The Protestant Work Ethic

In response to The Protestant Ethic and the Spirit of Capitalism, Becker and Woessmann (2007) wrote a paper which questioned Weber’s relationship between prosperity and Protestantism. Becker and Woessmann (2007) ascertain that the relationship between prosperity and Protestantism is not in the religion; rather it is in the form of human capital. In 1871, there was indeed a strong correlation across 435 Prussian counties between prosperity and the proportion of the population that was Protestant. However, Becker and Woessmann (2007) show that this correlation is attributed to the fact that Protestant counties in Prussia had a higher literacy rate. The higher literacy rate was a result of Martin Luther’s demand that all Christians be able to read the bible by themselves. Luther also pushed for expanded education. In the 16th century, school systems did not exist, and often education was limited to children of wealthy merchants and rulers (Faber, 1998). Luther opposed the Catholic tradition of reading the bible out loud in Latin. Therefore, Luther was the first to translate the bible into German so that everybody could read it. Thus, the higher literacy rate translated into economic activities which were necessary for their calling. When Becker and Woessmann (2007) controlled their study for literacy, there was no relationship between Protestantism and prosperity. There was no significant difference in economic success between Protestant and Catholic counties. It is true that the Protestants were richer than the Catholics, but it had nothing to do with being harder workers or being more frugal, it was due to the fact that they were better educated (Becker and Woessmann, 2007).

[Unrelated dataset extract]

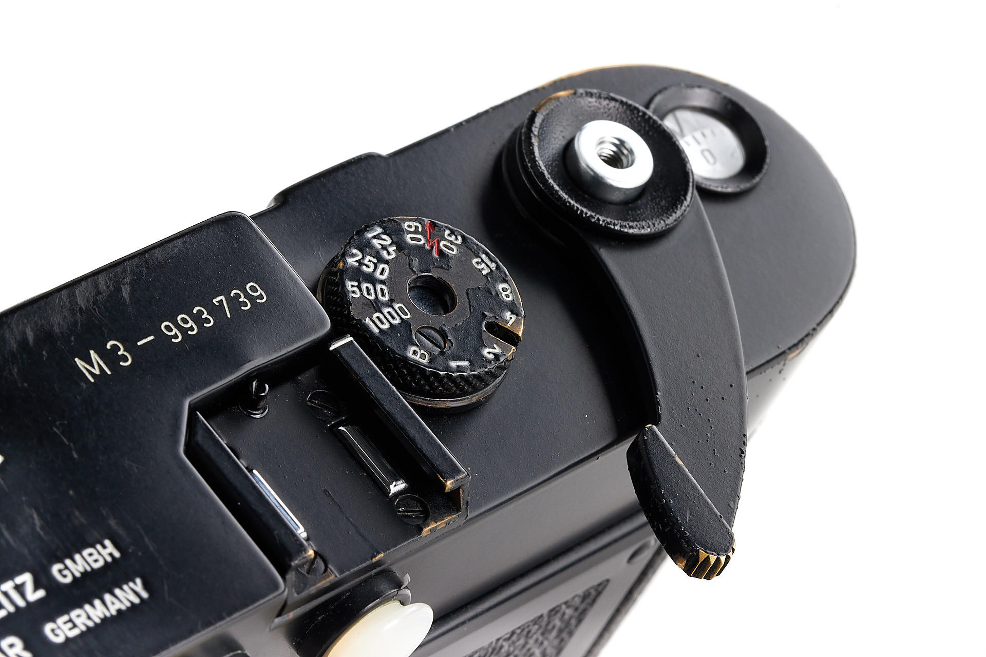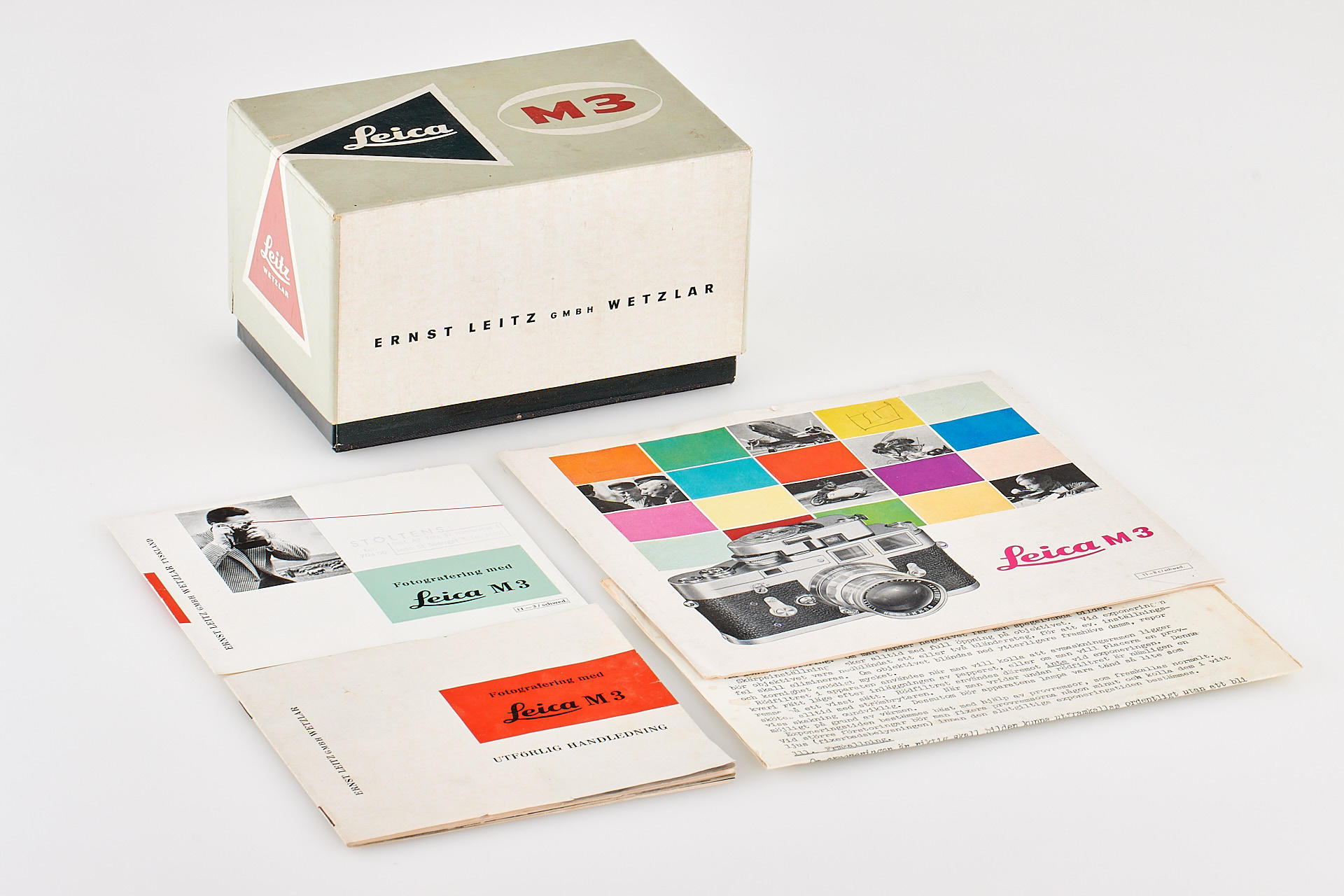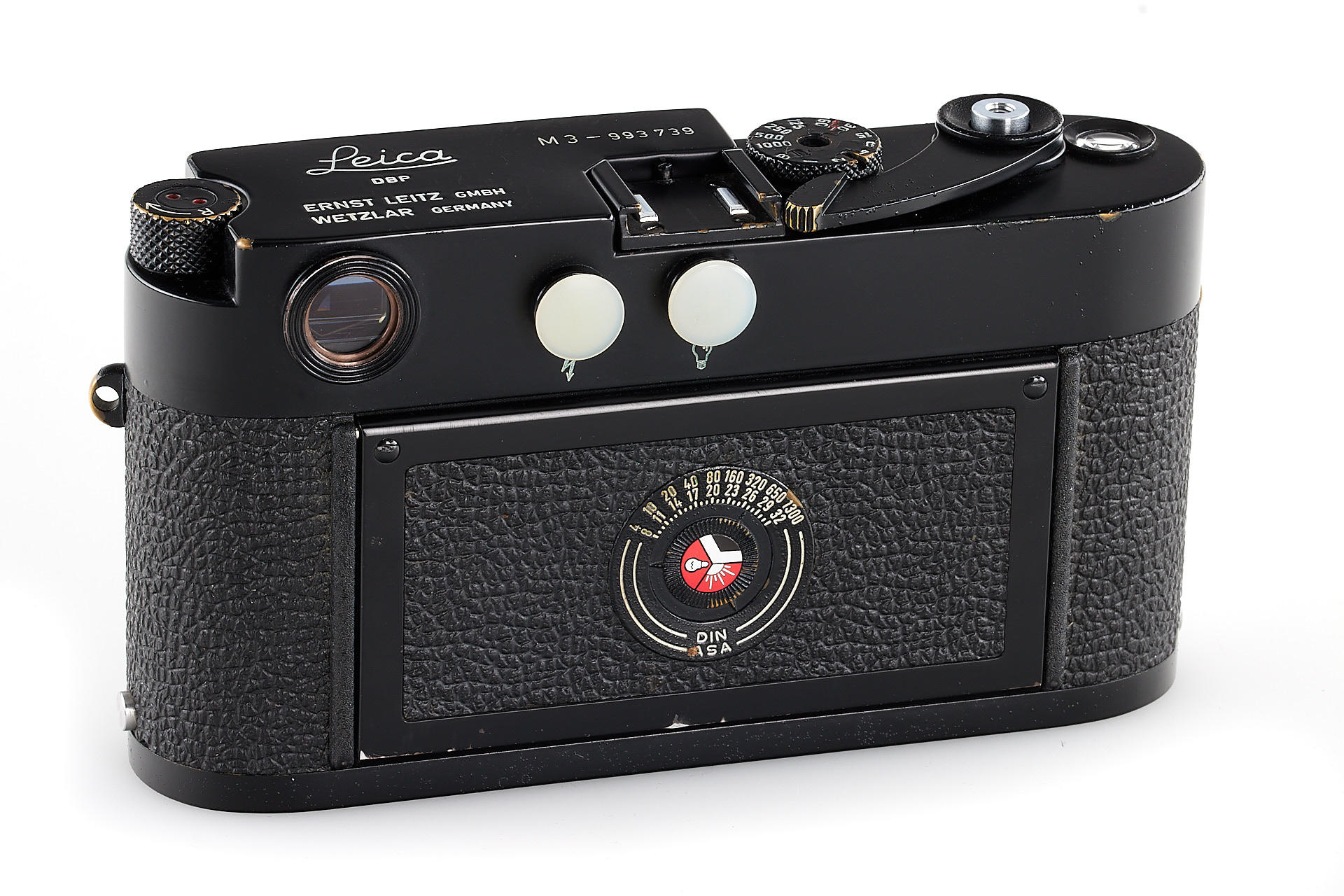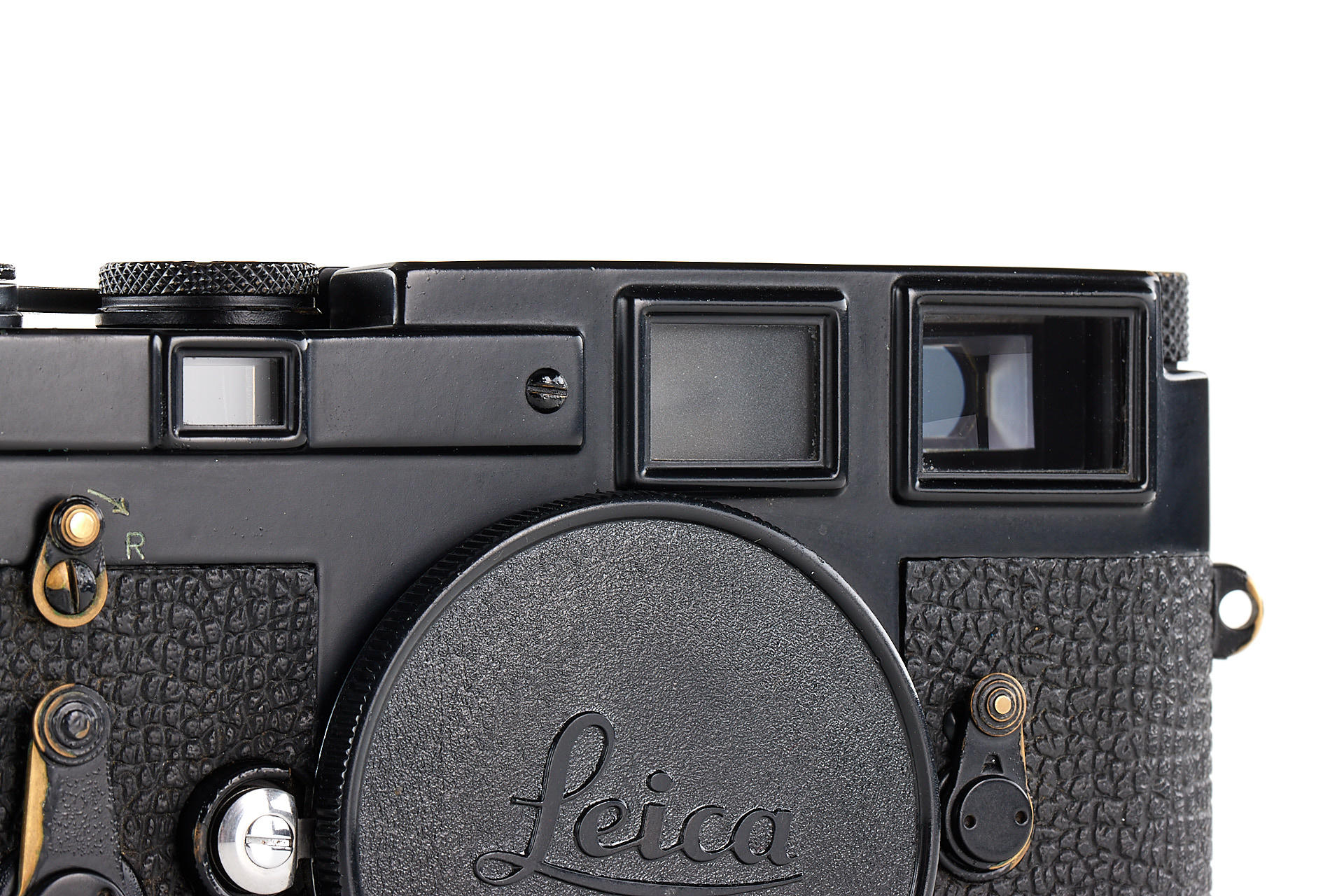 sought-after, original black paint M3 in excellent cosmetic condition, from the official batch of 250 cameras issued in 1960, the body still 'L'-sealed, with slight patina around the edges and small bubbles appearing in the paint, including maker's box with matching number, leather case, original body cap, Swedish instructions and black paint Leica-Meter MC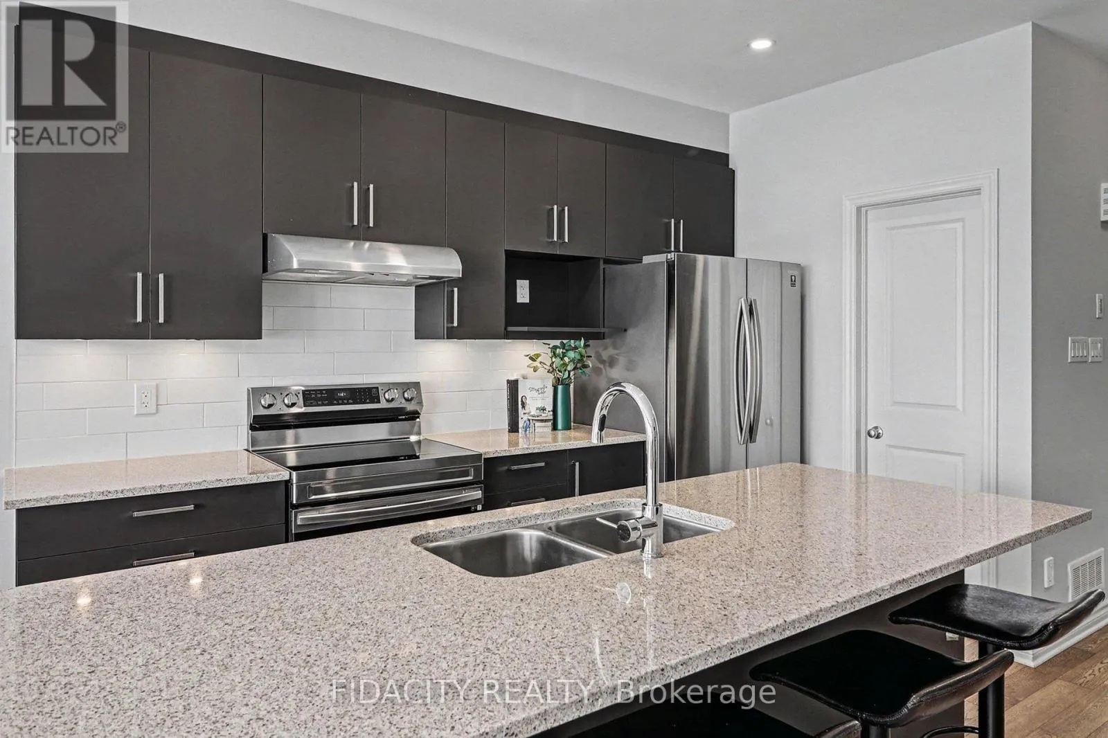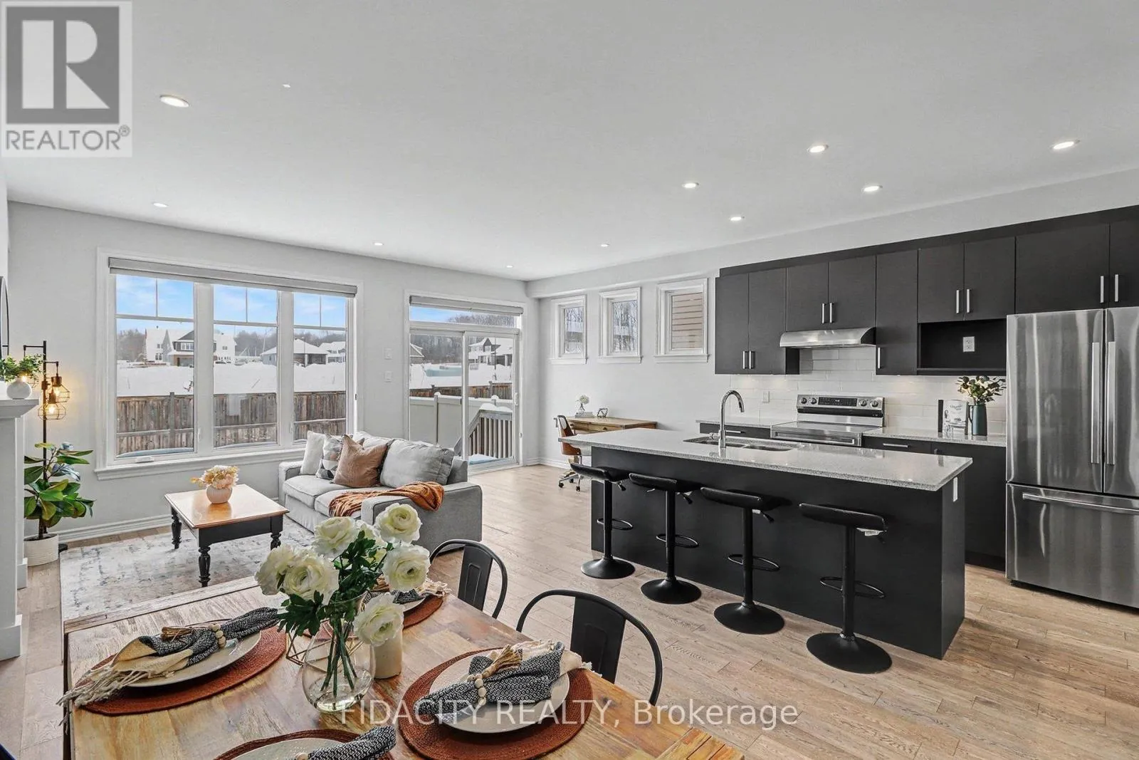 Cross Streets: Old Montreal Rd. ** Directions: East on Montreal Rd, left on Cardinal Creek, right on Famille Laporte, left onto Antonio Farley. This end-unit freehold townhome (Hudson model 2,165 sq ft) offers a bright, open layout with modern flooring throughout the main level and extra windows that fill the home with natural light. The open-concept main floor is anchored by a modern kitchen featuring quartz countertops, island with seating, stainless steel appliances, ample cabinetry, and a pantry, flowing seamlessly into the living and dining areas. A gas fireplace adds warmth and definition to the space, while custom blinds are installed throughout.The upper level includes 3 spacious bedrooms, including a well-appointed primary suite with a walk-in closet, 2 additional storage closets, a sitting area, and a large ensuite complete with a soaker tub and separate shower. Convenient second-floor laundry and main bathroom complete the upper level.The finished basement provides flexible additional living space ideal for a family room, home office, or gym, along with a large dedicated storage room. The fully fenced backyard offers privacy and everyday functionality.Newly built and well maintained, this home is located directly across from a future school and a brand-new park in Cardinal Creek, a growing, family-friendly community known for its parks, trails, and convenient access to shopping, schools, and commuter routes. More features to note: $15,000 in builder upgrades to kitchen and bathrooms, oversized garage and premium oversized lot. (id:27476)

The results of the Becker and Woessmann study (2007) show firstly that Weber was right; Protestants areas were more affluent in 19th century Prussia than Catholic areas. However, secondly, the study shows that it is the acquisition of literacy that accounts for the higher prosperity of Protestants, rather than work ethic and thriftiness. Regarding the issue of whether there is a relationship between religious domination and economic success, Becker and Woessmann (2007) are inconclusive, and assert that this is a difficult question to determine since the spread of Protestantism, and with it, literacy, came centuries before our time of observation, and individuals’ work ethics could have had many different influences (Becker and Woessmann, 2007).

How have work ethics from different cultures affected the Protestant Work Ethic?

Becker, S. O., and Woessmann, L. (2007). Was Weber Wrong? A Human Capital Theory of Protestant Economic History. Department of Economics, University of Munich. [Discussion Paper]. Retrieved from: PEPG07-04_Becker_Woessmann.pdf. Accessed: February 7, 2009.

Faber, R. (1998). Martin Luther on Reformed Education. Retrieved from: Library/rfaber/luther_edu.htm. Accessed: February 8, 2009.


  1. Even if literacy rates are the ones held responsible for prosperity, how can one be so sure that religion did not play a bigger role? Also on the results part it states that the acquisition of literacy accounted for the higher prosperity of protestants instead of work ethics and thriftiness, is there any empirical research that supports this?

  2. Who's to say that those groups converting to Protestantism during the reformation, around 1570, were not the affluent, well educated families to begin with? Their affluence in later centuries could be due to their inherited wealth and subsequent access to education. I was unable to access the Becker and Woessmann article, but I was curious to find out if this was something they addressed.

  3. Red Fraggle, here is the direct link to the article "Was Weber Wrong?"
    I hope you can access it.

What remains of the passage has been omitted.